Osteogenic differentiation assay
BMSCs in different groups were cultured in six-well plates containing osteogenic differentiation medium (Cyagen, Suzhou, China). Media were changed every 3 days for 3 weeks. After rinsing, cells were fixed with 4% paraformaldehyde. Mineralized nodules were observed by staining with a 1% alizarin red solution (Cyagen, Suzhou, China) following manufacturer instructions . ALP staining was used to investigate the osteogenesis of BMSCs after induction . Staining images were recorded under an inverted microscope, and ImageJ was used to analyze the results.
Hematoxylin and eosin staining
Paraformaldehyde (Beyotime Biotechnology, China) was used to fix tibiae from different rats for a week. The fixed samples were washed three times to remove excess paraformaldehyde; then, the tibiae were embedded in paraffin and cut into 5-μm sections. The sections were deparaffinized in xylene and rehydrated through a graded series of ethanol. Hematoxylin and eosin (HE, Solarbio, China) staining was performed according to manufacturer instructions. Microscopy was used to observe the morphology of cancellous bone in the tibia. We used the left hind leg of rats for HE staining, and all the groups tested on the same side.
Transfection of miRNA mimics and inhibitor
According to manufacturer instructions, miR-186 mimics and inhibitors and negative control (50 nM) were purchase from Sangon Biotech and transfected into BMSCs using Lipofectamine™ 2000 Transfection Reagent (Thermo Fisher, USA). Target gene expressions were evaluated using RT-PCR; luciferase intensity was measured using a Dual-Luciferase Reporter Assay System 48 h post-transfection. qPCR was used to evaluate the transfection efficiency of miR-186 mimics and inhibitor. The negative control of miR-186 mimics was sense UUCUCCGAACGUGUCACGUTT, antisense ACGUGACACGUU CGG AGA ATT. The negative control of miR-186 inhibitor was CAGUACUUUUGUGUAGUACAA.
Western blotting assay
Protein from cells or bone tissues were extracted using RIPA buffer. Then, 10% SDS-PAGE was used to separate protein lysates. Proteins were electrophoretically transferred to a 0.22-μm polyvinylidene difluoride membranes (PVDF, Millipore, USA). The membranes were blocked with 5% milk-TBST for 1 h at room temperature and incubated overnight at 4 °C with primary antibodies against Bone Morphogenetic Protein 2 (BMP2, Abcam, ab214821), YAP (CST, 14074), and β-Actin (CST, 3700) at a 1/1000 dilution. The membranes were then incubated for 1 h at room temperature with HRP-linked antibody at a 1/5000 dilution, and TBST was used to wash the membrane. The band was detected by chemiluminescence and analyzed using the ImageJ software.

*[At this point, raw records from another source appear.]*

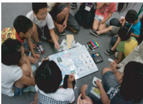
図11. 県民大会ワークショップの様子。

各個人で実行可能な活動には自ずから制限があり，各サークル単体においても同様である。高校生や大学生も，今後，県内外や，「伊勢湾流域」，さらに「伊勢・三河湾流域圏」という広い範囲で交流・連携を深めることで，多様な見方，考え方が生まれ，さらなる活動の発展が期待される。
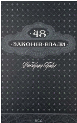
48 законів влади
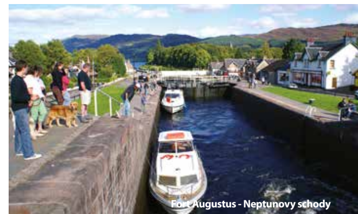
Fort Augustus - Neptunovy schody

Dual-luciferase reporter assay
PCR product containing the 5′-flanking sequence of the MOB1 promoter was first inserted into a pGL3-basic vector. Then, 200 ng pGL3-MOB1 Promoter, along with 40 ng pRL-TK Vector (E2241, Promega) were respectively transfected into BMSCs using Lipofectamine 2000 for 48 h. And then, the Dual-Luciferase Reporter Assay System was used to detect luciferase intensity. Firefly luciferase activity was normalized to Renilla luciferase activity for each transfected well.
The tibia in rats with different interventions were obtained and fixed with 4% paraformaldehyde. And then, we used the microCT manufactured by Siemens (Berlin, Germany) to reconstruct the bone structure and calculate the bone parameters with Inveon analysis workstation. The bone parameters including bone volume/total volume (BV/TV), trabecular thickness (Tb.Th), trabecular number (Tb.N), and trabecular separation (Tb.Sp) were used for bone quality calculation.
SPSS 19.0 statistical software package was used to perform statistical analyses. Analysis of variance was used to detect significant differences between groups. Post hoc multiple comparison test (Fisher’s least significant difference [LSD] test and Tukey’s test) was performed for the statistical analysis between every two groups. We used the two independent samples t test to evaluate results between two groups. Results are reported as means ± SD. Two-tailed p values 0.05 or less were considered significant.
Characterization of exosomes derived from hBMSCs
First, we used TEM, DLS analysis, and Western blot to identify purified exosomes derived from hBMSCs. The TEM results showed that exosomes derived from hBMSCs comprised a double layer phospholipid membrane structure with a 100-nm-diameter round shape (Fig. 1a). The DLS analysis results verified the size distribution, which predominantly ranged from 100 to 150 nm (Fig. 1b). Western blot detection of exosome-related markers showed that CD63, CD81, and Alix were significantly expressed in exosomes derived from hBMSCs (Fig. 1c). PKH26 staining was used to label exosome membranes; labeled exosomes were observed in BMSCs using confocal microscopy (Fig. 1d).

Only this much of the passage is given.